*DIRECTIONS FOR THIS TASK*:
Output every entry below word for word, minus the images.

*DATA LISTING*:
..........
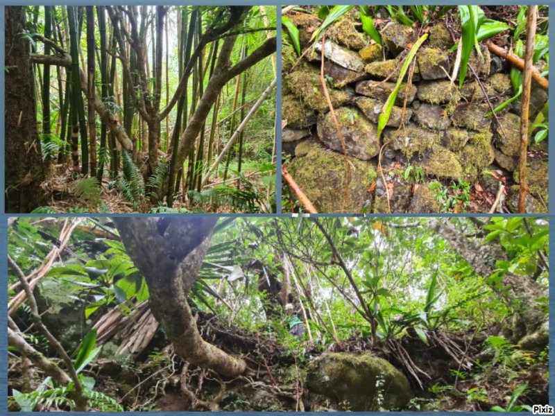 Les photos aériennes des années 1960 font clairement ressortir que le plateau était défriché et cultivé. On y distingue assez bien les cases servant sans doute d'habitation. La photo satellite des années 2020 montre beaucoup de verdure et les trois grosses touffes de bambous qui sont proches de la trace proposée ici. On se devait d'aimer la solitude pour vivre esseulé si loin de la "civilisation" de l'époque dont les images montrent quelques cases à Mare à Vieille Place. Il fallait plusieurs heures de marche pour atteindre le village, venir s'y ravitailler et vendre les produits de la récolte portés à dos d'homme.
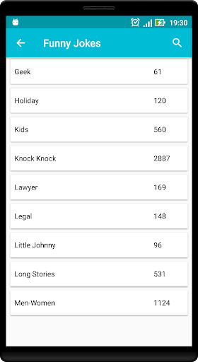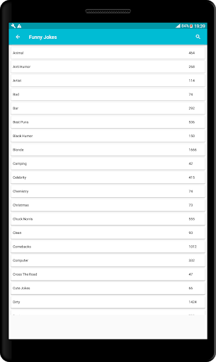 - We’ve classified the jokes in 54 categories so the app is easier to use: Yo Momma, Chuck Norris, Blonde, Best Puns, Riddles Answers, Fun Facts, Animal, Anti Humor, Artist, Bad, Bar, Black Humor, Camping, Celebrity, Clean, Comebacks, Computer, Cross The Road, Cute Jokes, Chemistry, Christmas, Chuck Norris, Dirty, Doctor, Drunks, Elderly, Family, Fart, Food, Funny, Geek, Holiday, Kids, Knock Knock, Lawyer, Legal, Little Johnny, Long Stories, Men-Women, Military, Mixed, Oafish, One Liners, Party, Pirate, Police, Politics, Pranks, Quotes, Racial, Redneck, Relationships, Religious, Sayings, Secretary, Shower Thoughts, Thanksgiving.
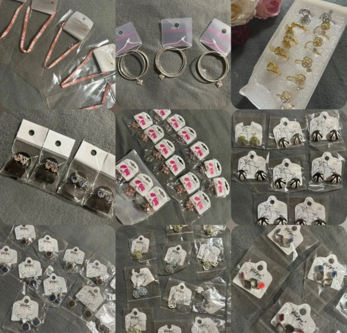 Le lot est très varié et comprend des pièces de fantaisie ainsi que des boucles d'oreilles estampillées "ARGENT" 💐
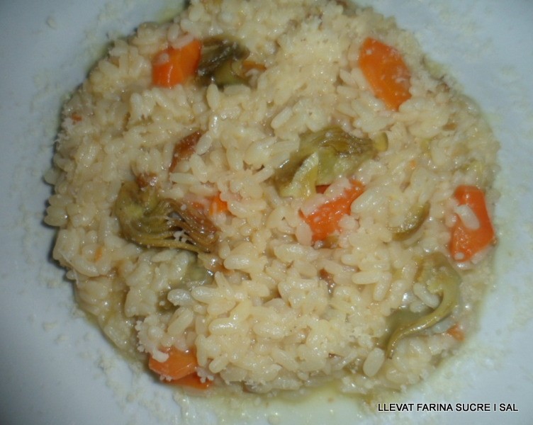 Treiem l’all, tirem l’arròs i sense parar de remenar, anem posant el vi, salem, anem posant la quantitat necessaria d’aigua, però fins que el primer cullerot no l’hagi begut l’arròs, no posem el segon, sempre remenant i així fins que veiem que l’arròs és gairebé cuit, llavors afegim el formatge ratllat i la mantega, remenem i el deixem reposar uns minuts.
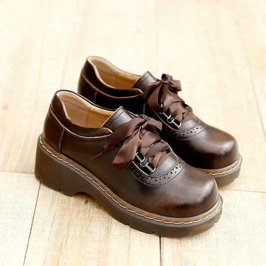 Chunky Vintage Style Ribbon Lace Up Platform Oxfords
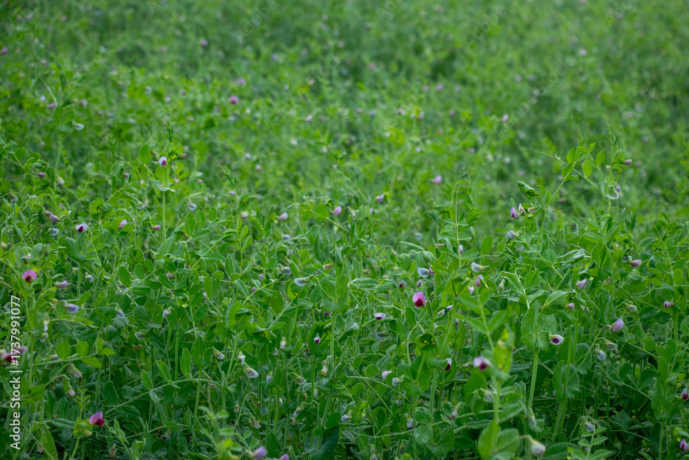Numerous pea plant blossoms a vibrant green field, morning moisture
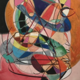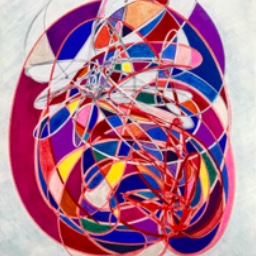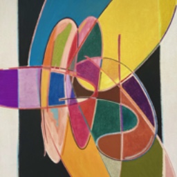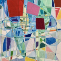 “It begins with the inspiration I find in a word or phrase. I use my handwriting and the edge of the line as the foundation for each painting. From there I add colours and pattern that I or you, might...” [More]
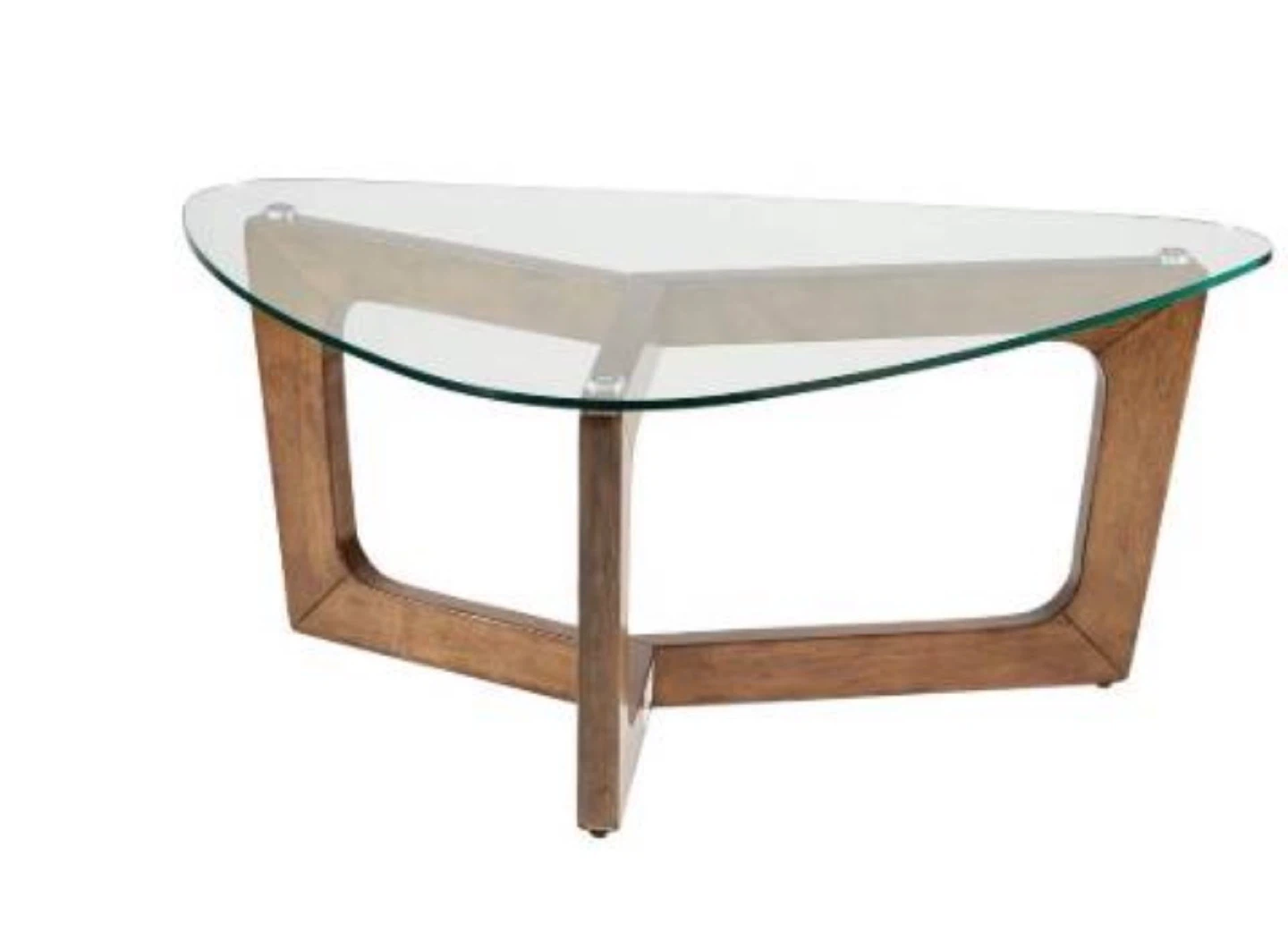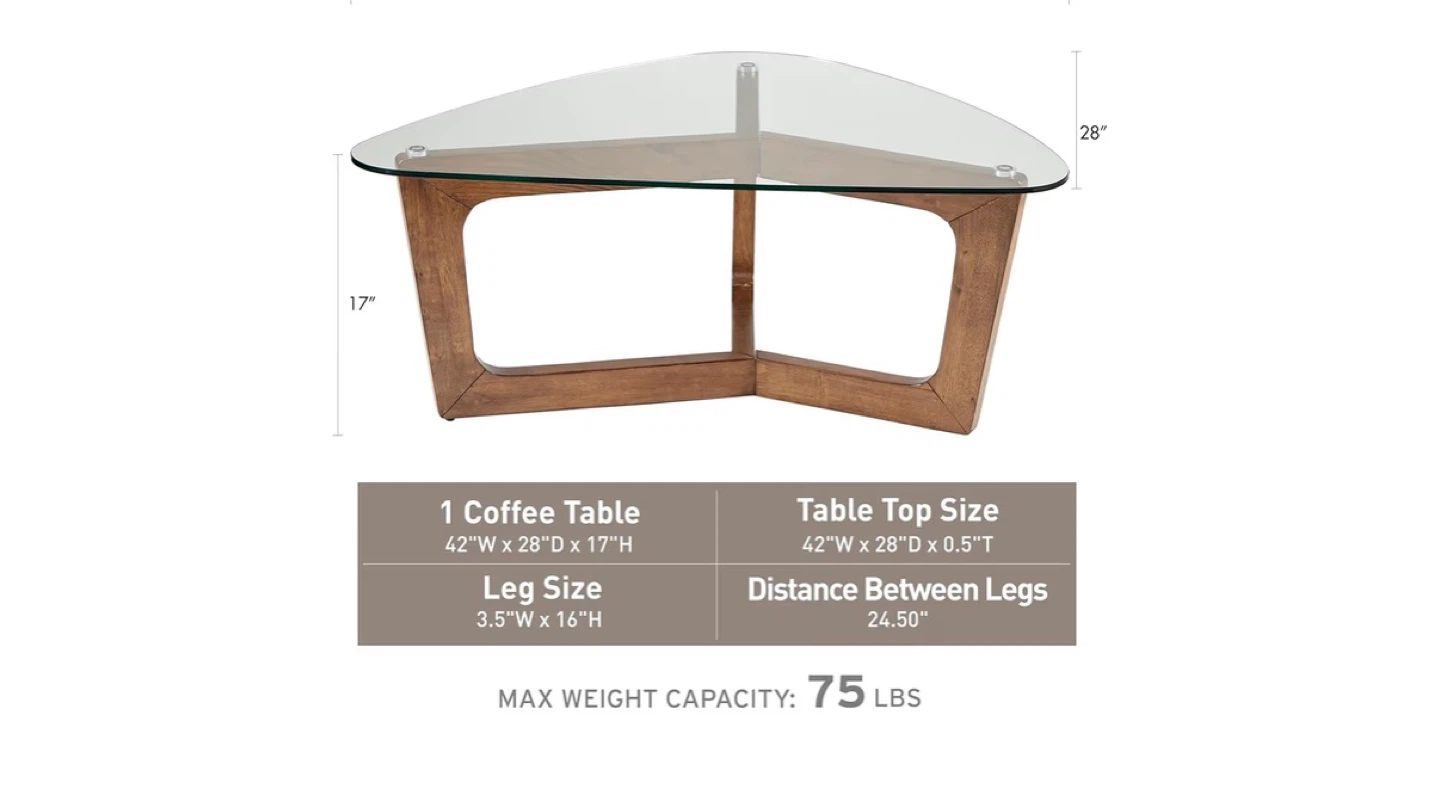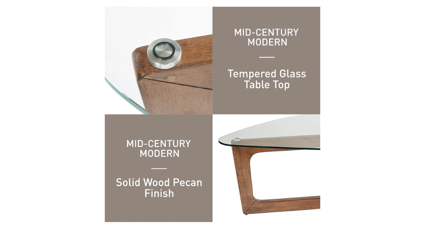 Selling a stylish mid-century modern coffee table! It features a tempered glass table top and a solid wood pecan finish. The table dimensions are 42"W x 28"D x 17"H. It can hold a max weight capacity of 75 lbs. Comes with the original box!
..........
*SOLUTION FOR THIS PROBLEM*:
 Les photos aériennes des années 1960 font clairement ressortir que le plateau était défriché et cultivé. On y distingue assez bien les cases servant sans doute d'habitation. La photo satellite des années 2020 montre beaucoup de verdure et les trois grosses touffes de bambous qui sont proches de la trace proposée ici. On se devait d'aimer la solitude pour vivre esseulé si loin de la "civilisation" de l'époque dont les images montrent quelques cases à Mare à Vieille Place. Il fallait plusieurs heures de marche pour atteindre le village, venir s'y ravitailler et vendre les produits de la récolte portés à dos d'homme.
 - We’ve classified the jokes in 54 categories so the app is easier to use: Yo Momma, Chuck Norris, Blonde, Best Puns, Riddles Answers, Fun Facts, Animal, Anti Humor, Artist, Bad, Bar, Black Humor, Camping, Celebrity, Clean, Comebacks, Computer, Cross The Road, Cute Jokes, Chemistry, Christmas, Chuck Norris, Dirty, Doctor, Drunks, Elderly, Family, Fart, Food, Funny, Geek, Holiday, Kids, Knock Knock, Lawyer, Legal, Little Johnny, Long Stories, Men-Women, Military, Mixed, Oafish, One Liners, Party, Pirate, Police, Politics, Pranks, Quotes, Racial, Redneck, Relationships, Religious, Sayings, Secretary, Shower Thoughts, Thanksgiving.
 Le lot est très varié et comprend des pièces de fantaisie ainsi que des boucles d'oreilles estampillées "ARGENT" 💐
 Treiem l’all, tirem l’arròs i sense parar de remenar, anem posant el vi, salem, anem posant la quantitat necessaria d’aigua, però fins que el primer cullerot no l’hagi begut l’arròs, no posem el segon, sempre remenant i així fins que veiem que l’arròs és gairebé cuit, llavors afegim el formatge ratllat i la mantega, remenem i el deixem reposar uns minuts.
 Chunky Vintage Style Ribbon Lace Up Platform Oxfords
Numerous pea plant blossoms a vibrant green field, morning moisture
 “It begins with the inspiration I find in a word or phrase. I use my handwriting and the edge of the line as the foundation for each painting. From there I add colours and pattern that I or you, might...” [More]
 Selling a stylish mid-century modern coffee table! It features a tempered glass table top and a solid wood pecan finish. The table dimensions are 42"W x 28"D x 17"H. It can hold a max weight capacity of 75 lbs. Comes with the original box!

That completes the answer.